O clonazepam, conhecido comercialmente como Rivotril, é o calmante mais consumido do país e faz parte da rotina de milhões de brasileiros. O uso deveria ser restrito a crises pontuais de ansiedade ou insônia, mas se tornou um hábito contínuo — especialmente entre os idosos.
Dados da Agência Nacional de Vigilância Sanitária (Anvisa) mostram que, só em 2024, foram vendidas 39 milhões de unidades do medicamento.

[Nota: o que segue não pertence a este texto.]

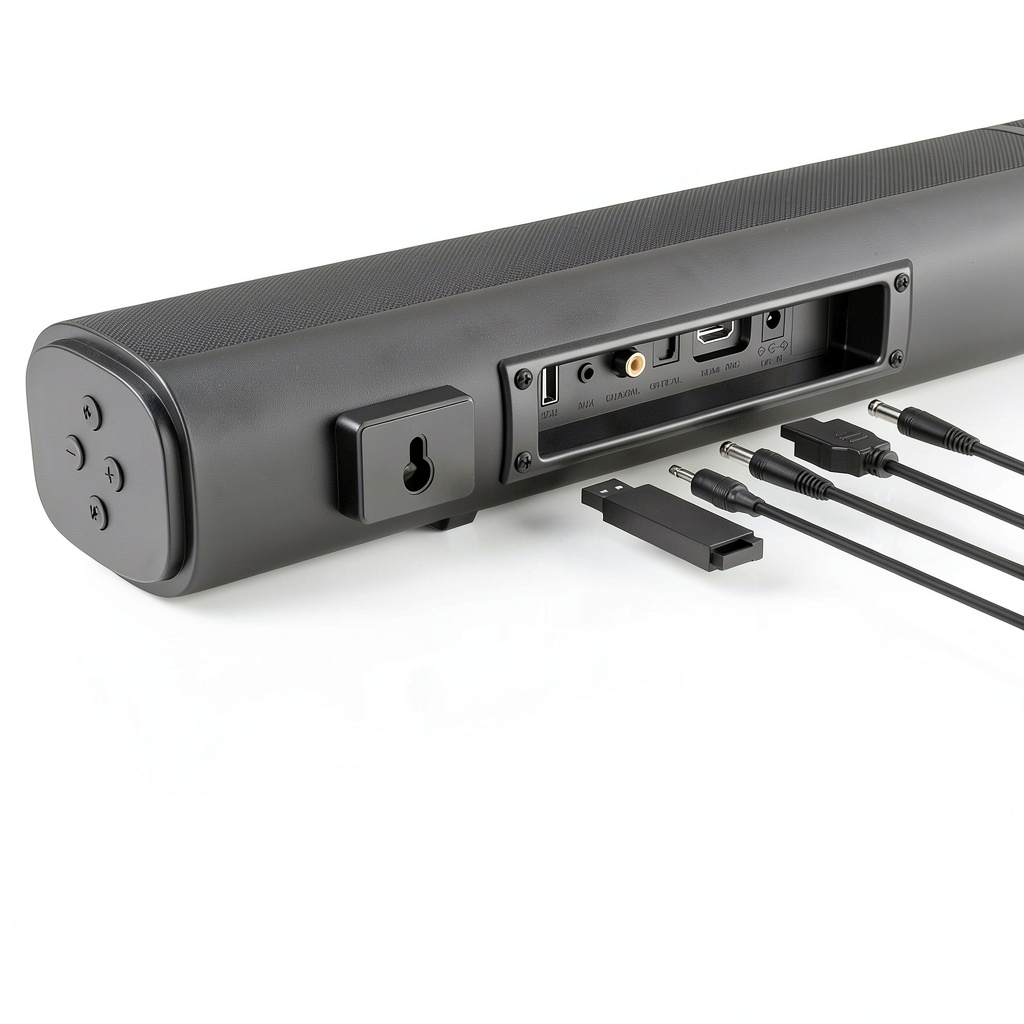 Ideal for home entertainment enthusiasts, this sound bar is perfect for watching action movies, playing video games, or listening to music in your living room, bedroom, or home office. It caters to users seeking an upgrade from standard TV speakers, providing an immersive audio environment for family movie nights, solo gaming sessions, or casual music listening. The three audio modes—Movie, Game, and News—optimize sound for different activities, ensuring clear dialogue, intense effects, or balanced tones as needed. Its wireless subwoofer allows placement anywhere in the room, enhancing bass without cable clutter, making it suitable for spaces where aesthetics and functionality matter.

Estima-se que cerca de 2 milhões de pessoas acima dos 60 anos utilizem o remédio com frequência.
O neurologista Alan Eckeli, professor da Universidade de São Paulo (USP) de Ribeirão Preto, alerta que o efeito rápido e o alívio imediato fazem do clonazepam uma armadilha. “O paciente sente melhora e acredita que precisa continuar tomando. Quando percebe, já está dependente”, afirma.
De remédio a rotina
O clonazepam pertence à classe dos benzodiazepínicos, que agem desacelerando a atividade cerebral. Embora tenha indicações médicas específicas — como epilepsia, crises de pânico e distúrbios do sono —, seu uso prolongado é incorreto.
O problema começa na prescrição. Segundo Eckeli, muitos médicos indicam o medicamento sem formação em sono ou psiquiatria, tratando a insônia como um sintoma isolado. O resultado é o uso contínuo e sem acompanhamento.
De acordo com a Pesquisa Nacional sobre o Uso Racional de Medicamentos (PNAUM), publicada em 2022, 41% dos idosos que utilizam benzodiazepínicos tomam especificamente clonazepam.
Alívio rápido, dependência lenta
O psiquiatra Pedro Curiati, do Hospital Sírio-Libanês, explica que o medicamento tem ação prolongada, permanecendo ativo por até 24 horas. “Nos idosos, o metabolismo é mais lento. O acúmulo da substância aumenta o risco de confusão mental, quedas e perda de memória”, diz.
O baixo preço e a distribuição pelo Sistema Único de Saúde (SUS) também contribuem para o consumo. O efeito imediato — sono rápido e sensação de calma — reforça o ciclo de dependência.
A psiquiatra Camilla Pinna, da Universidade Federal do Rio de Janeiro (UFRJ), destaca que o vício é físico e emocional. “O cérebro aprende a relaxar apenas com o remédio. Quando a pessoa tenta parar, a ansiedade volta com mais força, o que a faz continuar tomando”, explica.
Envelhecimento solitário
Especialistas apontam que o uso do clonazepam entre idosos vai além da questão médica. Ele se tornou um símbolo de conforto emocional em um país que envelhece de forma acelerada e solitária.
“Muitos usam o calmante para lidar com o luto, a solidão e as dores crônicas. É uma dependência que nasce da falta de companhia e de acolhimento”, afirma Pinna.
O psiquiatra Paulo Rogério Aguiar, da Universidade Federal de Ciências da Saúde de Porto Alegre (UFCSPA), reforça que o desmame é delicado e precisa de acompanhamento médico. “Interromper de forma brusca pode causar crises de abstinência. A retirada deve ser lenta, com apoio psicológico e novas rotinas de sono”, orienta.
Uma geração que envelheceu sob efeito do calmante
Para o psiquiatra Tales Cordeiro, do Hospital das Clínicas da USP, o alto consumo é consequência de décadas de prescrição excessiva. “Nos anos 1990, o remédio era visto como solução para tudo. Hoje, muitos idosos seguem tomando sem lembrar quando começaram”, afirma.
O médico Almir Tavares, da Associação Brasileira de Psiquiatria, acrescenta que o clonazepam induz o sono, mas não o sono de qualidade. “Ele impede as fases profundas do descanso, como o sono REM. O corpo dorme, mas não se recupera de fato”, explica.
Os especialistas recomendam que o tratamento da ansiedade e da insônia priorize a terapia cognitivo-comportamental (TCC). O método ajuda a reprogramar padrões de pensamento e reduzir a necessidade de medicamentos.
Além disso, hábitos simples contribuem para melhorar o sono: manter horários regulares, praticar exercícios, evitar cafeína à noite e se expor à luz natural pela manhã.
“O clonazepam deve ser ferramenta temporária, não companheiro de vida”, resume o neurologista Alan Eckeli.